Rifqi menunjuk hak terdakwa berkomunikasi dengan penasihat hukum dan bertanya pada saksi. Namun praktiknya, terdapat keterbatasan bila terjadi gangguan yakni akibat koneksi internet yang tidak stabil. Maklum, kualitas koneksi internet antara institusi dan wilayah tak seragam. Tak jarang koneksi internet putus nyambung. Kemudian fasilitas pengadilan yang terbatas yang mengakibatkan perkara menumpuk.

Dia menilai akibat keterbatasan fasilitas rumah tahanan (Rutan) yang dikelola Ditjen Pemasyarakatan berdampak terhadap jalannya persidangan secara daring. Belum lagi, terdapat kebijakan Rutan yang tak seragam soal ada yang membolehkan penasihat hukum hadir, ada pula yang tak membolehkan. Namun demikian, Perma 4/2020 dianggap tetap memberi jalan keluar terhadap isu-isu tersebut yakni sidang bisa digelar di pengadilan atau di kantor kejaksaan.

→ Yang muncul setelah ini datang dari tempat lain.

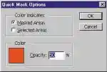 Еще одна хитрость. Если цвет маски близок к фоновому (например, красная маска и красный фон), то в опциях быстрой маски вы можете задать любой цвет.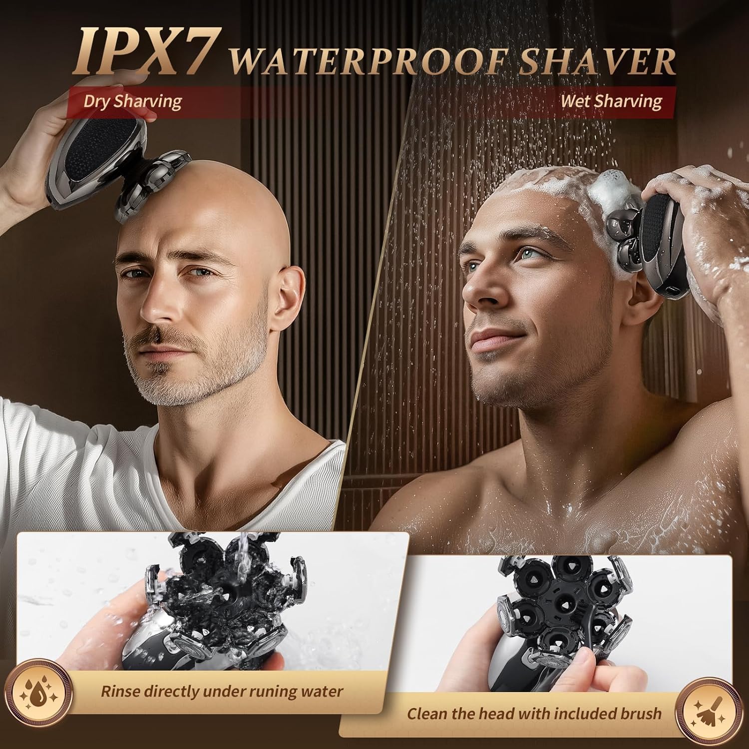 IPX7 Waterproof Shaver for Dry & Wet Shaving: For an ultra-close shave,we recommend prepping your beard with shaving foam to soften facial hair prior to shaving. The whole body of the head shaver is IPX7 waterproof, allowing you to enjoy both comfortable dry shaving and a refreshing wet shave with your favorite shaving foam. The included cleaning brush enables quick and hassle-free maintenance, ensuring your shaver stays in perfect shape with minimal, easy care.

Panitera Muda Pidana Khusus MA, Suharto mengatakan Perma 4/2020 terobosan mengatasi keterbatasan menggelar persidangan perkara pidana secara tatap muka. Yang perlu digarisbawahi, persidangan elektronik tetap mengedepankan hak-hak terdakwa. Yang pasti, Perma 4/2010 tak mengharuskan persidangan digelar secara online, hanya sebatas memberi landasan hukum dan pedoman kapan persidangan secara online dapat dilaksanakan serta tata caranya.

Pemenuhan hak terdakwa dalam Perma 4/2020, MA menginginkan pemberian jaminan peradilan yang adil dan tidak memihak untuk menjamin hak-hak terdakwa. Pertama, hak terdakwa untuk secepatnya mendapatkan kepastian hukum atas tindak pidana yang dituduhkan padanya yakni dengan diadili dalam persidangan tanpa penundaan yang tidak semestinya sebagaimana tertuang dalam Pasal 14 ayat (3) huruf c menurut ICCPR dan telah diratifikasi oleh UU No.12 Tahun 2005.